● Work to complete
Exactly and only the lines below from the one containing "Гербарій використовується в" down to the one containing "Tetování luční kvítí ve váze na rameno" are wanted, both included; please exclude every picture.

● Information given
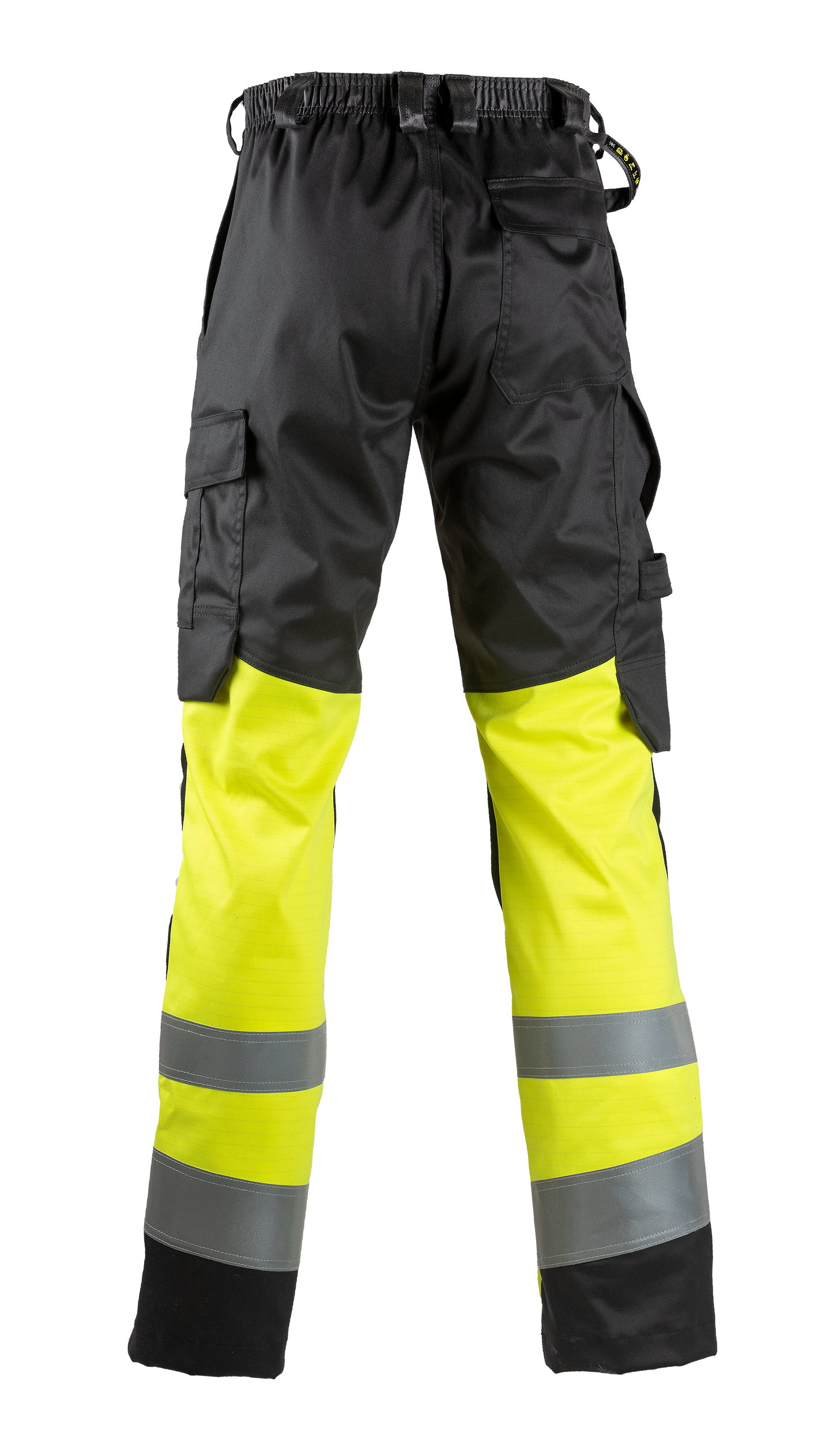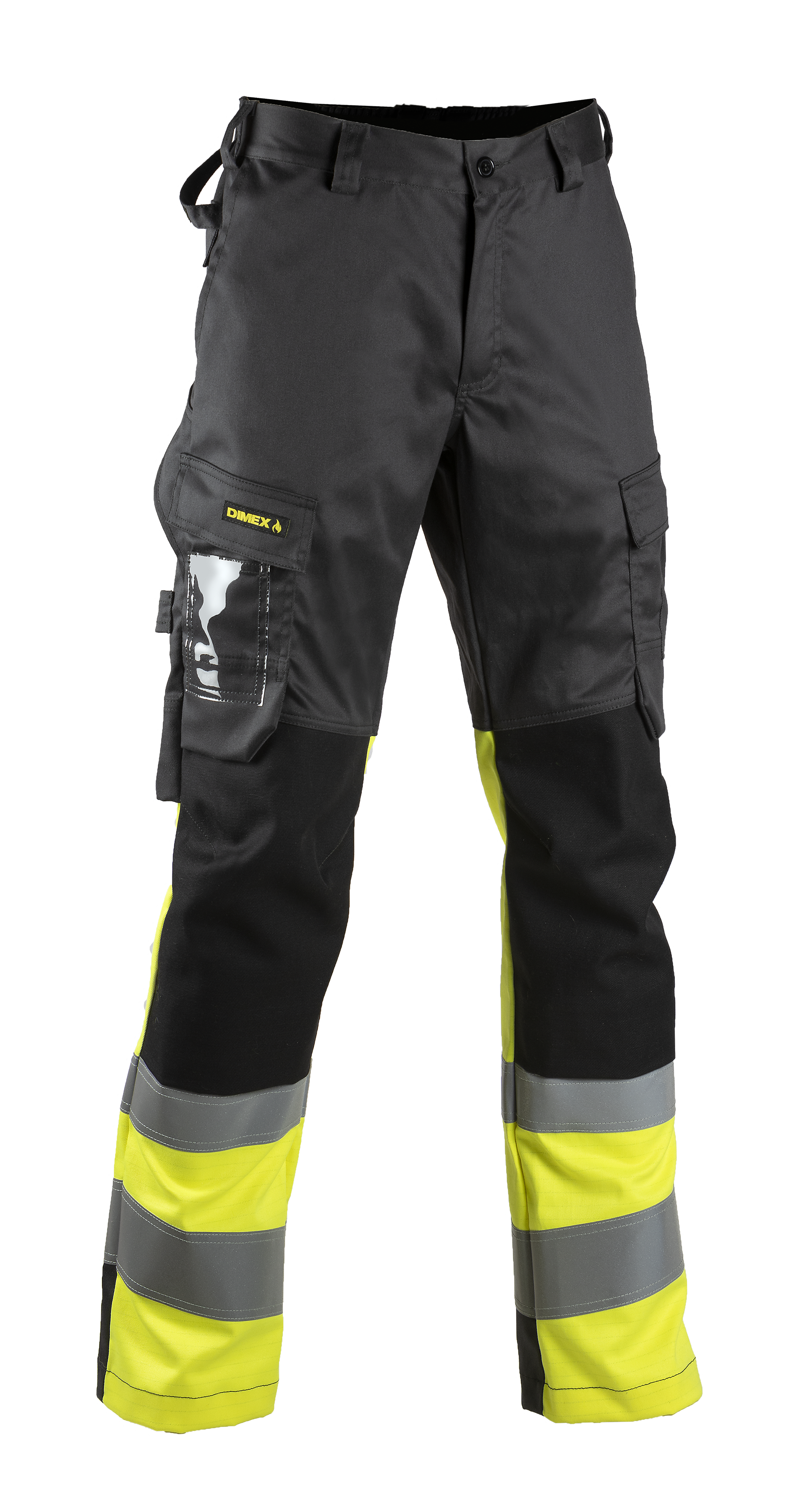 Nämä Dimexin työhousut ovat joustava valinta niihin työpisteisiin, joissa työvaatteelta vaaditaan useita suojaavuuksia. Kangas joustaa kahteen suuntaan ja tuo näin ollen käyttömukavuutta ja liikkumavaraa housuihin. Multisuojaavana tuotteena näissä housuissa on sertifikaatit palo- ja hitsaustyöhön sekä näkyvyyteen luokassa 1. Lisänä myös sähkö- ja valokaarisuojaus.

...

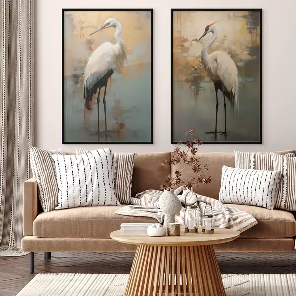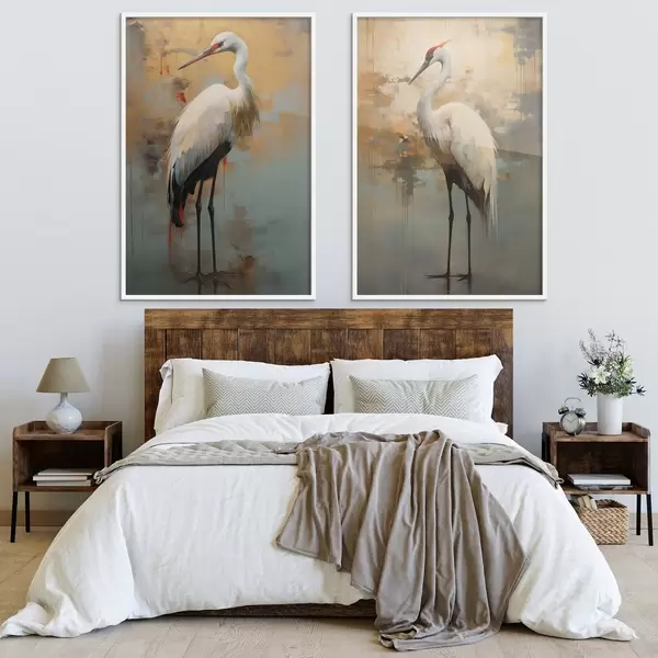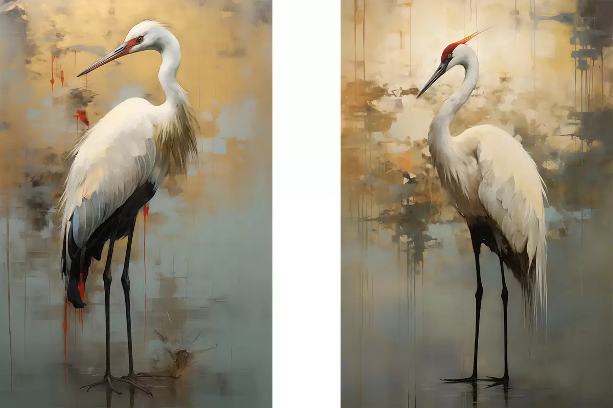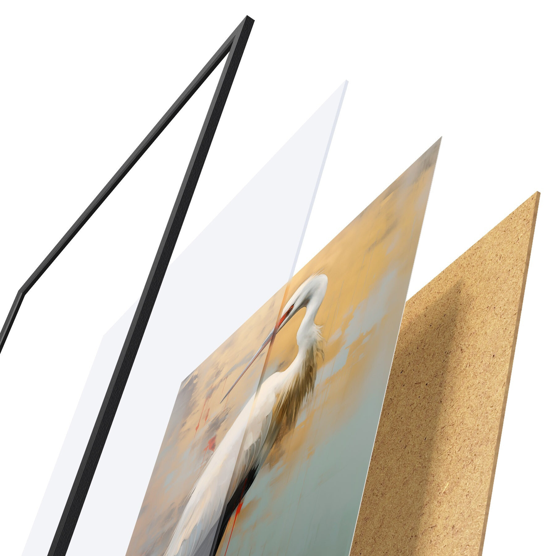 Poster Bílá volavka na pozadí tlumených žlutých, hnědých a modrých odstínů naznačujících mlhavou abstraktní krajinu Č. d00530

* * *

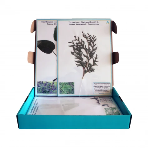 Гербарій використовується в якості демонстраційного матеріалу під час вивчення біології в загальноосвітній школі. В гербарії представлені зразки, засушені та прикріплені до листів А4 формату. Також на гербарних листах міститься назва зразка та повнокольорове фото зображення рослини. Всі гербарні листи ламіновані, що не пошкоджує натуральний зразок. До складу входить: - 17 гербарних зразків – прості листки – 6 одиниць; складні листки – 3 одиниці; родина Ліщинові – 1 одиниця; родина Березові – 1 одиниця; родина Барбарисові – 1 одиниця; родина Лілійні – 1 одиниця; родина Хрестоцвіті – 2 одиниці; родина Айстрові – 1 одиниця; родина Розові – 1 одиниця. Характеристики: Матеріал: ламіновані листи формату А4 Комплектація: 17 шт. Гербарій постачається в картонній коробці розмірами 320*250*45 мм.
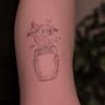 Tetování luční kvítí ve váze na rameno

● Response area
 Гербарій використовується в якості демонстраційного матеріалу під час вивчення біології в загальноосвітній школі. В гербарії представлені зразки, засушені та прикріплені до листів А4 формату. Також на гербарних листах міститься назва зразка та повнокольорове фото зображення рослини. Всі гербарні листи ламіновані, що не пошкоджує натуральний зразок. До складу входить: - 17 гербарних зразків – прості листки – 6 одиниць; складні листки – 3 одиниці; родина Ліщинові – 1 одиниця; родина Березові – 1 одиниця; родина Барбарисові – 1 одиниця; родина Лілійні – 1 одиниця; родина Хрестоцвіті – 2 одиниці; родина Айстрові – 1 одиниця; родина Розові – 1 одиниця. Характеристики: Матеріал: ламіновані листи формату А4 Комплектація: 17 шт. Гербарій постачається в картонній коробці розмірами 320*250*45 мм.
 Tetování luční kvítí ve váze na rameno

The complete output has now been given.